Réalisé en 1958 par HOWARD Hawks à la grande époque du western, « Rio Bravo » est, bien sûr, un film d’action mais son originalité tient dans une intrigue et un décor minimalistes (dans une ville, un sheriff est menacé par un gang qui veut faire libérer l’un des siens emprisonné) et dans la part belle qui est faite aux personnages, de chair et de sang, éloignés de l’image traditionnelle des héros de la conquête de l’Ouest.
On pourrait dire que le film s’organise autour de deux figures géométriques : le cercle et la verticale. La figure circulaire s’impose en effet : l’action se déroule dans la petite ville de Rio Bravo aux limites bien précises (premier cercle principal) qui définissent un huis clos à venir. A l’intérieur de la ville, l’espace se resserre très vite autour de la prison (point central du second cercle) où sont enfermés le prisonnier, le sheriff et ses hommes. La situation est remarquablement paradoxale : Nathan Burdette est prisonnier du sheriff qui est lui-même encerclé par la bande de Joe Burdette. On retrouve bien l’image des deux cercles concentriques (on peut même ajouter les deux variantes de la prison : le saloon et l’hôtel). Cet « encerclement » des héros, sur lesquels plane la mort (cf. l’aria à la mort du siège d’Alamo, le De guello, que fait jouer Joe Burdette et qui signifie, sorte de pré- requiem, qu’il les considère comme morts), contribue à l’atmosphère confinée, pesante et étouffante du film. Pourtant, Hawks ménage un espace de respiration : la rue principale « rectiligne » qui traverse et relie les cercles entre eux et favorise les possibilités d’action.

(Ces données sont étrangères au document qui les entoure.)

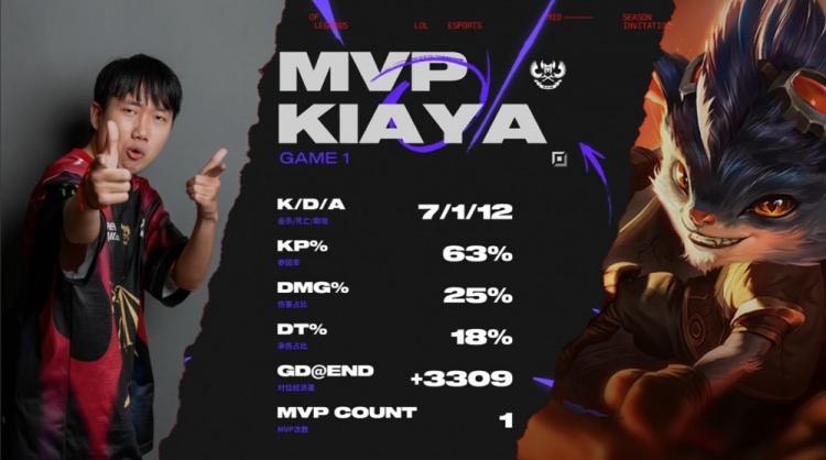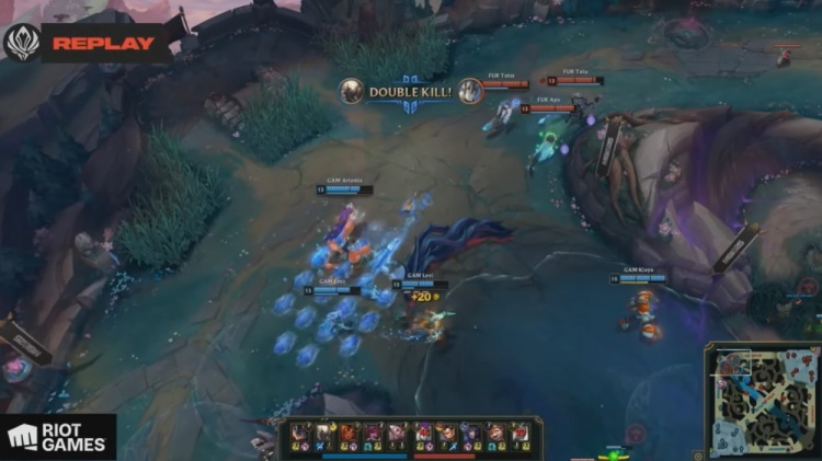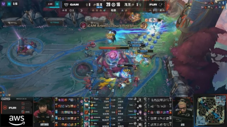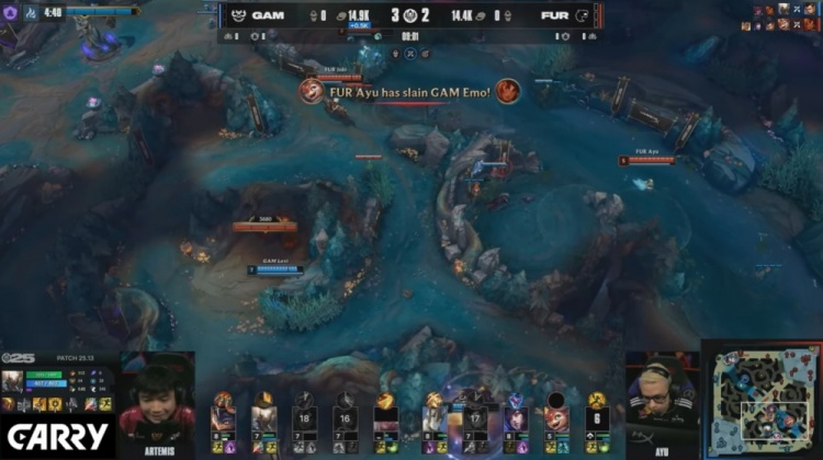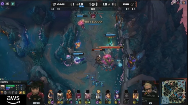 【5:50】GAM多人下路越塔,Levi潘森控住Ayu斯莫德后配合Artemis与Elio双人组输出轻松帮助Artemis吃掉Ayu一血。

Mais c’est, surtout, la ligne verticale qui définit le mieux le film comme l’illustre l’exemple suivant. Le film s’ouvre sur Rio Bravo de nuit que le saloon éclaire de ses lumières jaunes. Le regard caméra fixe le bas de la porte de l’établissement et une paire de bottes. Hésitation. Puis, le plan suivant montre l’homme aux bottes entrer dans le saloon. La caméra filme ensuite l’homme en entier : c’est Dude (Dean Martin), alcoolique, qui accepte de ramasser un dollar jeté dans un crachoir pour acheter de quoi boire. Un nouveau plan ramène notre regard à ras de terre sur le crachoir, les jambes et le plancher. Dude est donc associé, dès le préambule, à l’horizontalité. A la fin du film, en revanche, il est filmé debout et sobre, signe de sa dignité retrouvée et de son « ascension » morale : de l’agenouillement humiliant au sol à la fière position debout, tout le sens du film tient dans cette verticalité qui symbolise la volonté, le courage et la rigueur morale.
C’est que le film s’attache à montrer des personnages. La preuve en est que Hawks efface quasiment de la ville – réduite à un simple schéma géométrique, à un pur décor – les habitants et tout ce qui évoque l’activité citadine pour éviter de distraire les spectateurs et consacre son film à la psychologie et aux rapports des cinq hommes et de la femme sur qui reposent toute l’action de « Rio Bravo ». Et ces personnages sont positifs et ne transigent pas sur les notions de justice, de dignité et de solidarité. Dude n’a pu être sauvé de la déchéance que par la présence active du sheriff John T. Chance (John Wayne) à l’assurance tranquille, aidé de Stumpy poussé par un sentiment de revanche rageur et de Colorado (Ricky Nelson) tireur d’élite et désinvolte, et entouré de deux femmes, aux destins contraires, dont l’une, Feathers (Angie Dickinson) arrive et entend se fixer durablement quand l’autre, Consuela, est contrainte de quitter la ville.
Un classique du western dont il faut souligner également tout l’humour, le charme et le talent du réalisateur (cf. le plan très technique de la goutte de sang dans le verre).